# AIM OF THE EXERCISE
Quote word for word from the line holding "10 Aterian points from Egypt, ca." to the last line below, including both, and omit any pictures.

# DATA LISTING

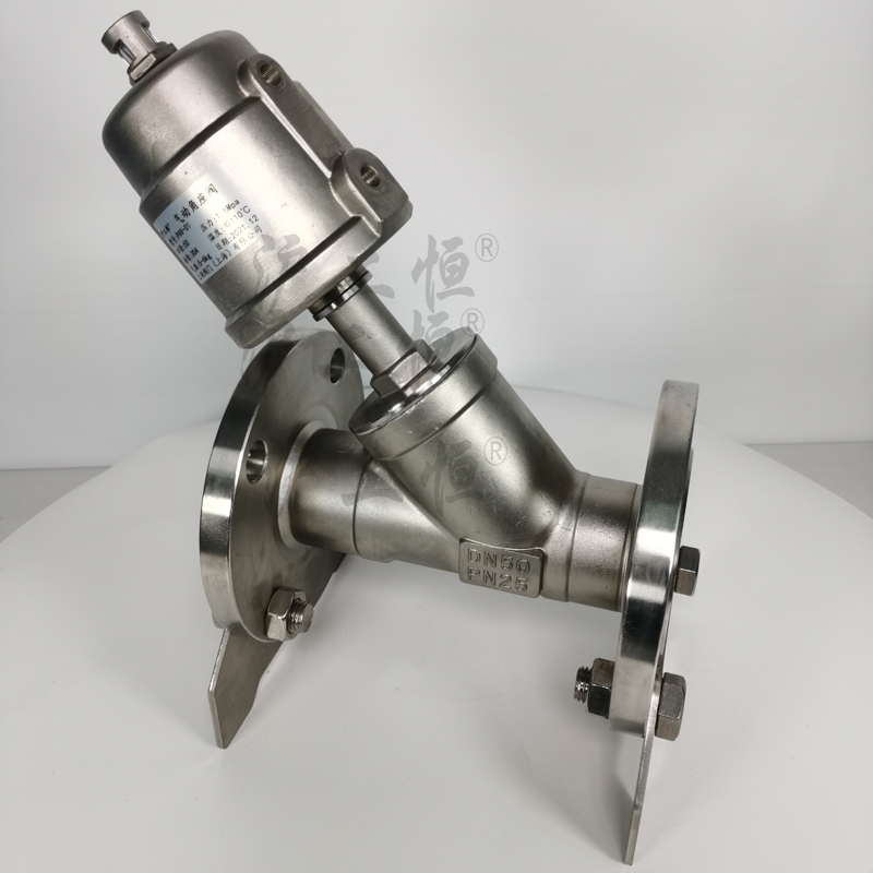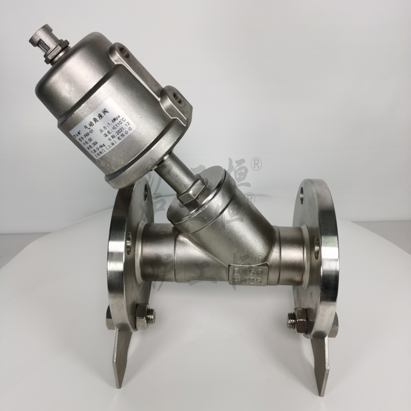 Y型不鏽鋼氣動角座閥在非工作(zuò)狀态時(shí),由于彈簧力作(zuò)用,閥門(mén)常閉(開(kāi))。當執行(xíng)器(qì)活塞被壓縮氣體(tǐ)作(zuò)用時(shí),閥門(mén)打開(kāi)(關閉)。雙作(zuò)用形式靠壓縮氣體(tǐ)控制(zhì)閥門(mén)開(kāi)關。
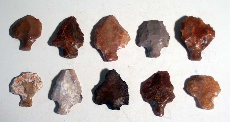 10 Aterian points from Egypt, ca. 45,000 - 30,000 BC. A group of 10 Aterian points from the northern Sahara region of Egypt, ca. 45,000 - 30,000 BC. This choice group of Middle Paleolithic period examples range from 1-1/4 to 2-1/8 in length and is made from beautifully colored chalcedony, quartz and flint; included are several translucent examples. Good calcification and mineral deposits. Ex Parker collection. Value range: $250 - $400.
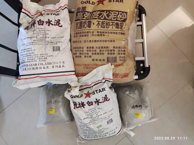 物品名稱:白水泥10公斤裝兩包及水泥沙20公斤兩包,兩小包水泥沙5台斤裝.
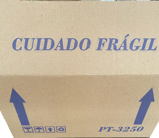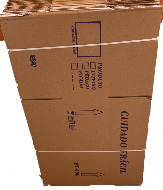 caixa já vai com avisos (cuidado frágil, este lado para cima ).
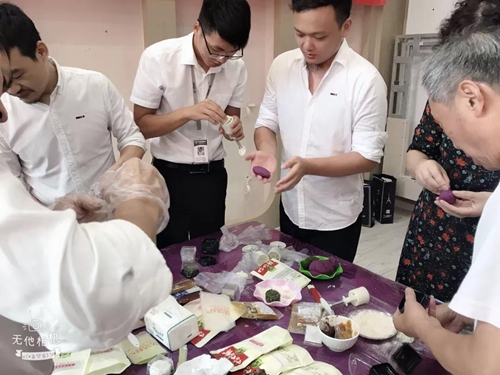 從包月餅餡再到用模具做出月餅, 小伙伴們?nèi)、壓、團(tuán),熱火朝天地開始做著, 一個(gè)個(gè)高顏值的冰皮月餅就做好了。
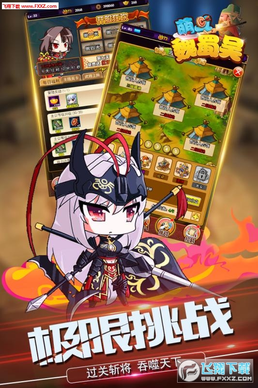 游戏《萌斗魏蜀吴》轻松上手而又极富策略性!全面超越了传统挂机游戏的体验,游戏画面细致精美,设定的关卡趣味性极强,主角们萌出天际,装备系统和熔炼模式也是别出心裁 。

# REPLY
 10 Aterian points from Egypt, ca. 45,000 - 30,000 BC. A group of 10 Aterian points from the northern Sahara region of Egypt, ca. 45,000 - 30,000 BC. This choice group of Middle Paleolithic period examples range from 1-1/4 to 2-1/8 in length and is made from beautifully colored chalcedony, quartz and flint; included are several translucent examples. Good calcification and mineral deposits. Ex Parker collection. Value range: $250 - $400.
 物品名稱:白水泥10公斤裝兩包及水泥沙20公斤兩包,兩小包水泥沙5台斤裝.
 caixa já vai com avisos (cuidado frágil, este lado para cima ).
 從包月餅餡再到用模具做出月餅, 小伙伴們?nèi)、壓、團(tuán),熱火朝天地開始做著, 一個(gè)個(gè)高顏值的冰皮月餅就做好了。
 游戏《萌斗魏蜀吴》轻松上手而又极富策略性!全面超越了传统挂机游戏的体验,游戏画面细致精美,设定的关卡趣味性极强,主角们萌出天际,装备系统和熔炼模式也是别出心裁 。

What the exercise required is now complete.